I'm guessing it means the second half of extra time in a game of soccer/football, partially based on the fact that search results for it seem to be soccer-related.
Or it could just be what your juice replies to you with when you say good day to it.
Saskia has two apples and cuts them both in half, how many halves does she have?
It is little kids' math...
The fourth half is indeed weird. But in the Netherlands we have an expression called "de derde helft" (the third half). That means when you have played, for example, a game of football (consisting of two halves) you have some beers afterwards. Some players excel in the first and second half, others excel in 'de derde helft'
The most similar approximate expression in english then would be then the "19th hole" - meaning the clubhouse
I dunno, I've found that having some weird sentences like these actually makes me think more. "The fourth half is interesting? Did I get that right? checks over again"
Unfortunately, I heard this and thought that a "fourth half" wouldn't make sense so I changed it and got it wrong. Different strokes for different folks I guess.

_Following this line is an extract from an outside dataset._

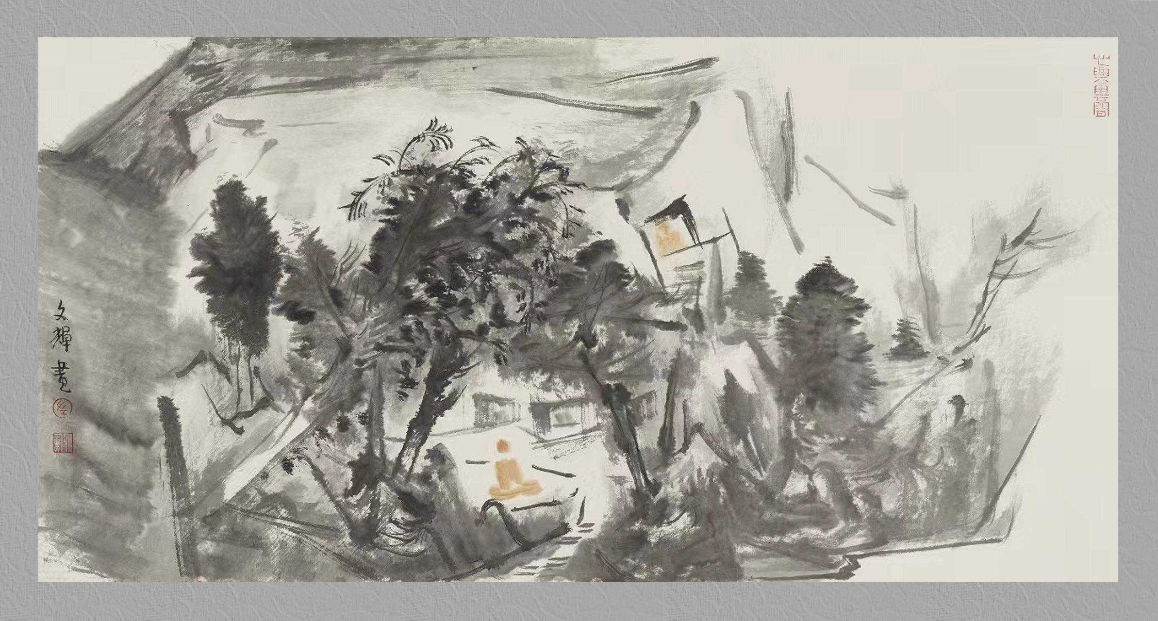 文辉早年取法北宗山水,反复临摹范宽、郭熙的作品,在笔墨上下了很大的功夫,刻苦练习书法且深入地研究中国古代绘画美学理论和古代文学。她勤奋而踏实、谦逊而内敛、不急不燥,多年来徜徉于山水间,常年与青灯素纸为伴,在寂寞中成就了更好的自己。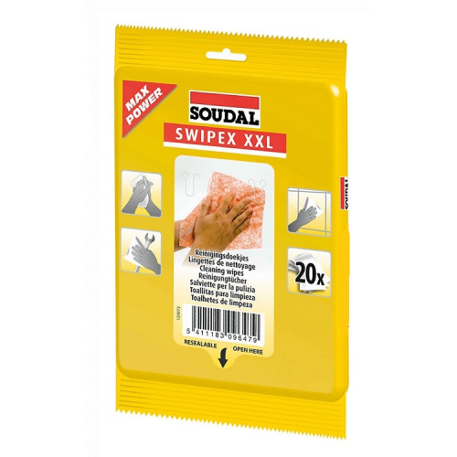 Очищаючі серветки SOUDAL Swipex 20шт. - міцні та ефективні вологі серветки для видалення свіжих хімічних речовин з рук, інструментів та інших твердих поверхонь.

Everyone can play two football games consecutively. Or there might be a plate full of half apples and the fourth one that you've eaten could be interesting.
In my opinion, nonsensical sentences like these (as opposed to just "silly" sentences, which i love) are likely to make learners second guess themselves and don't add much. Just my two cents.
This sentence isn't nonsensical. Four halves is two (4/2 = 2). It is entirely possible to have four halves of something. An example given above was apples. If you have two apples and cut both of them in half, you have 4 halves. Say the fourth half was odd, and someone wanted to make a comment about it. The fourth half is interesting. Not nonsensical at all.
Yeah, I just cut up some oranges. Three of the halves are just run of the mill but...
I collect American coins (for real). You see pennies or quartes nowadays, but not many "halves". More exciting to collect them. There are different types of them (as $1 coin). So, if I see six, and I prefer the forth which has been shown to me, then this sentence make sence.
Or rather, it makes cents! (Sorry, obligatory numismatic pun is obligatory.)